- WORK TO BE COMPLETED -
Output range, inclusive: from the line containing "360° senza nodi:moestar" to the line containing "Если вычисляемое поле". Restate those lines from the data below word for word and only those.

- SUPPLIED DATA -
================================

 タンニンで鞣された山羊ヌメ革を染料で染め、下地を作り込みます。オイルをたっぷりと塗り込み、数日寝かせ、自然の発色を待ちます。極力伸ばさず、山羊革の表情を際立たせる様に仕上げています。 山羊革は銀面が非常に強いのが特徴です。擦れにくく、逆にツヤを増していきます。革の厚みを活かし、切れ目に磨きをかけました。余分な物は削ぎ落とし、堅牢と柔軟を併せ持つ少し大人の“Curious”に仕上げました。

================================

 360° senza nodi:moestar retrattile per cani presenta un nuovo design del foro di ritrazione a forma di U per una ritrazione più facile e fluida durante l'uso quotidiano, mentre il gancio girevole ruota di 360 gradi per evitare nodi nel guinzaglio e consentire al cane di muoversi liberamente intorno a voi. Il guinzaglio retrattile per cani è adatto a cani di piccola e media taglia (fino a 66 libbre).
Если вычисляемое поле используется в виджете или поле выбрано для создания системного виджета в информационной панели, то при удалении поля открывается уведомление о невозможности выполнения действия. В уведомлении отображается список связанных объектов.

================================

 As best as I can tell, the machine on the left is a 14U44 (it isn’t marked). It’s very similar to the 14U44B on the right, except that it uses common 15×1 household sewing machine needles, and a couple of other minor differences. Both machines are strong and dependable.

================================

- RESPONSE AREA -
 360° senza nodi:moestar retrattile per cani presenta un nuovo design del foro di ritrazione a forma di U per una ritrazione più facile e fluida durante l'uso quotidiano, mentre il gancio girevole ruota di 360 gradi per evitare nodi nel guinzaglio e consentire al cane di muoversi liberamente intorno a voi. Il guinzaglio retrattile per cani è adatto a cani di piccola e media taglia (fino a 66 libbre).
Если вычисляемое поле используется в виджете или поле выбрано для создания системного виджета в информационной панели, то при удалении поля открывается уведомление о невозможности выполнения действия. В уведомлении отображается список связанных объектов.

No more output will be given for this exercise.